Providing care for severely sick people presents both personal and professional challenges, and the series doesn't shy away from exploring them. Since its debut in 2015, Chicago Med has captivated its audience and has been renewed for an eleventh season.
Among the key characters are nurse April Sexton and physician Will Halstead. But, in one of the most poignant storylines of the series, Dr. Caitlin Lenox learns she has the gene for Gerstmann-Sträussler-Scheinker syndrome (GSS), a rare and deadly hereditary neurological disease.
She is forced to confront an uncertain future after being shaken to her very core by the revelation. Caitlin is caught between continuing her hectic medical career and taking a break to concentrate on her health as symptoms like memory lapses, personality changes, and loss of balance begin to appear.
More about the GSS disease in Chicago Med
In Chicago Med, GSS stands for Gerstmann-Sträussler-Scheinker (GSS) syndrome, a rare and deadly genetic brain illness due to a PRNP gene mutation. This gene mutation produces aberrant prion proteins in the brain, which eventually degrade brain tissue. GSS is classed as a prion illness, much like Creutzfeldt-Jakob disease (CJD). However, it advances more slowly.

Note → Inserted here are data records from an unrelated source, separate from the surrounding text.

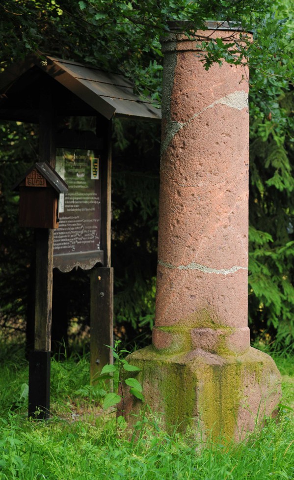 Bei der Materialauswahl für diese drei Säulen hat man sich für Rochlitzer Porphyrtuff entschieden.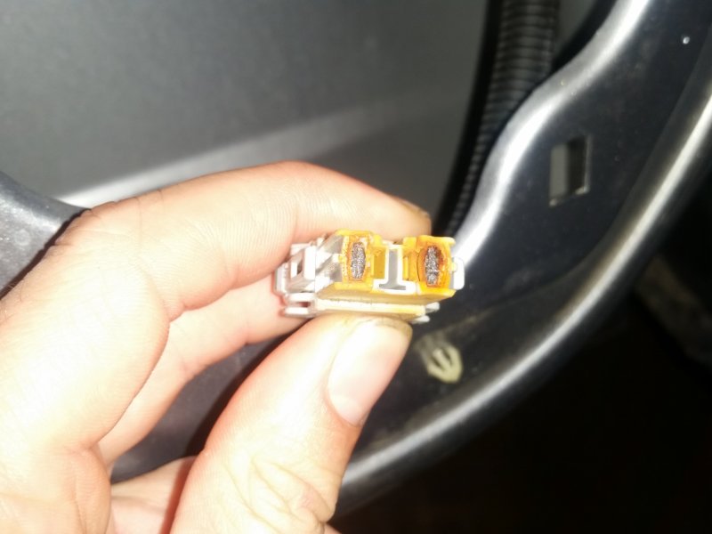 I was having trouble unplugging the first speaker, ending up trying a couple different tools before it finally came free, and more than just the connector came out. It pulled the pins right out of the speaker as well because it had all corroded together. I didn’t bother trying to unplug the other two speakers when they wouldn’t immediately come apart because it was clear that they were corroded too.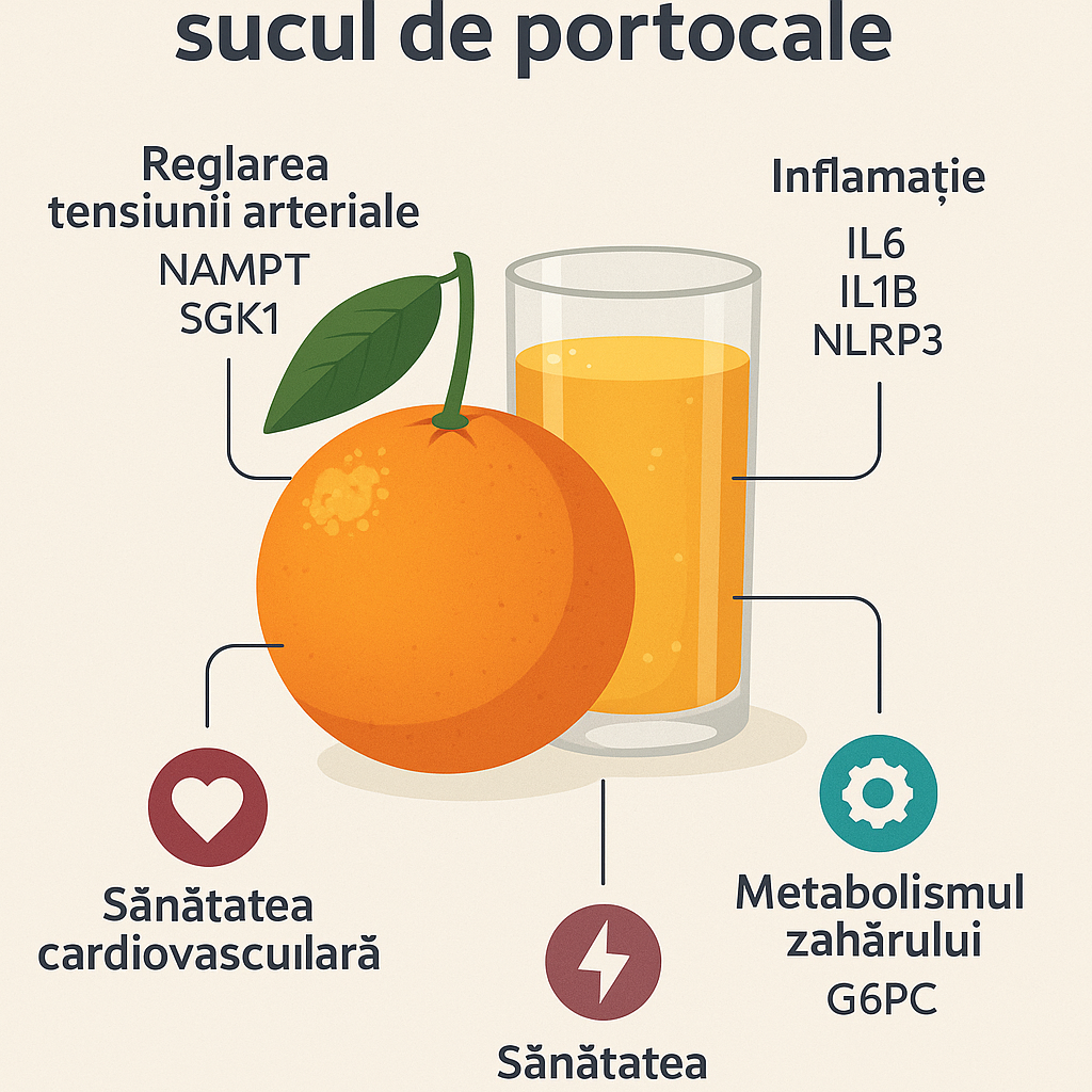 Rezultatele, citate apoi de Euronews Health, conturează o imagine mult mai complexă decât ideea că „sucul de portocale are vitamina C”. Cele mai afectate gene sunt cele asociate cu inflamația cronică de grad scăzut, controlul vasodilatației și metabolismul glucozei — trei domenii esențiale în prevenirea hipertensiunii, diabetului și bolilor cardiometabolice.

In its early stages, the illness mostly impacts mobility and coordination. Patients frequently have trouble walking, slurred speech, muscular stiffness, and balance problems.
Memory loss, decline in cognitive abilities, personality changes, and other serious neurological symptoms start showing as the disease progresses. Most people live for five to six years after the symptoms start showing, and the condition is unfortunately progressive and incurable.
GSS becomes a significant plot point in Season 10 of Chicago Med, particularly when recurring character Dr. Caitlin Lenox discovers she possesses the GSS gene. This revelation is emotionally charged because it affects not only her personal life but also her professional decisions and interactions with her coworkers.
Despite the fact that GSS is quite uncommon—affecting only a small percentage of families globally—the medical specifics depicted in the episode are authentic.
It also emphasizes how crucial genetic testing and counseling are for hereditary illnesses. As of right now, there is no proven way to slow or reverse the advancement of GSS. Symptom relief and patient and family support are usually the main goals of management.
Chicago Med provides its viewers with a better knowledge of this little-known but deadly ailment by using the plot to examine certain difficult ethical points in the medical field, emphasizing the emotional fortitude one needs to have to deal with the reality of living with a diagnosis that has no cure.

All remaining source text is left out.